Oh Maria, that is a lot. How do you manage L5/S1 without agony? That's my worst joint. I hope you can come to a long-term resolution that combines some meds if you need them but also control through diet and exercise. Feel better.


sj - Sep 01, 2020 12:30:51 pm PDT #25565 of 30019
"There are few hours in life more agreeable than the hour dedicated to the ceremony known as afternoon tea."

{{{|Maria}}} you have all my empathy as another Italian-American who has had to do a diabetic diet. I strongly suggest a big batch of oatmeal that can be heated up as needed for breakfast or Cheerios. I could still have a cup of pasta as part of a meal with the diet I was on if there were no other carbs with it, but I don't know the specifics they gave you. My email is in my profile if you want to talk.


-t - Sep 01, 2020 12:31:08 pm PDT #25566 of 30019
I am a woman of various inclinations and only some of the time are they to burn everything down in frustration

{{{Maria}}} That's a lot to take in an try to cope with.

I'm so sorry, Cass. Doing all that work and having it undone, what a nightmare


hippocampus - Sep 01, 2020 12:50:13 pm PDT #25567 of 30019
not your mom's socks.

was just coming in here for Maria~ma, and still sending it to you - just on the other diagnosis side. All the hugs -- and hoping you'll start to feel better soon.


Maria - Sep 01, 2020 12:50:19 pm PDT #25568 of 30019
Not so nice is that I'm about to ruin a Friday morning for a bunch of people because of a series of unfortunate events and an upset foreign government. - shrift

Oh Cass, I posted without seeing the nonsense happening to you. I'm so sorry.

They want me to try a constant carb diet. The hospital used exchanges but I don't know how reasonable that will be for me in the real world. I'd already pretty much limited myself to only eating pasta when my father cooked it, but now I truly have to pay attention to portion size and timing.

I'm liable to do a cup of cereal dry and two hardboiled eggs for breakfast. I'm lactose-sensitive and I hate skim milk so I'd rather eat the cereal dry.

Thanks again for the ~ma, everyone. It helped keep me calm every time they came in to tell me something new.


Steph L. - Sep 01, 2020 12:52:11 pm PDT #25569 of 30019
I look more rad than Lutheranism

Maria, that's a lot, and a big change! It's probably good to get your sugar back to the normal range with meds, and then later potentially go off the meds and manage it with diet and exercise. But put a pin in that for now while you adjust to the meds.

I'm a little overwhelmed

Yeah, it's a big new thing to deal with, on top of this hellscape of a year in a global sense and a personal sense (I'm thinking of the graffiti at the restaurant that you posted on FB). This advice might sound like bullshit, but when you feel overwhelmed, try taking a few deep breaths and blowing them out slowly, just to dial down the overwhelm.

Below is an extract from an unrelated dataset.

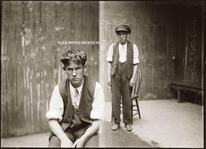Special Photograph no. 745. Joseph Messenger and Valerie Lowe were arrested in 1921 for breaking into an army warehouse and stealing boots and overcoats to the value of 29 pounds 3 shillings. The following year, when this photograph wastaken, they were charged with breaking and entering a dwelling. Those charges were eventually dropped but they were arrested again later that year for stealing a saddle and bridle from Rosebery Racecourse. As an adult Messenger was active in inner-Sydney underworldthrough the 1920s, and he appears in the NSW Criminal Register (16 July 1930 entry no 171) as a seasoned criminal and gang affiliate. The description of his modus operandi includes, 'Violently [resists] arrest ... frequents wine saloons, billiard rooms, andracecourses ... consorts with prostitutes.' This photograph shows Messenger at age 18. See also 'Mug shot of Valerie Lowe'.

and worried that I have to really give up pasta.

I mean, maybe pasta can become an infrequent thing for now, but added back more often later? It would probably be a good idea to meet with a dietician* to talk about this stuff, including how to get used to breakfast.

*A registered dietician (RD) is the one who has credentials; just about anyone can call themselves a nutritionist, so look for an RD.

(Also, I apologize for launching into problem-solving mode if you wanted commiseration. So, in 100% genuine commiseration, I'll also say: that fucking sucks. Like you needed one more thing to deal with. It's bullshit.)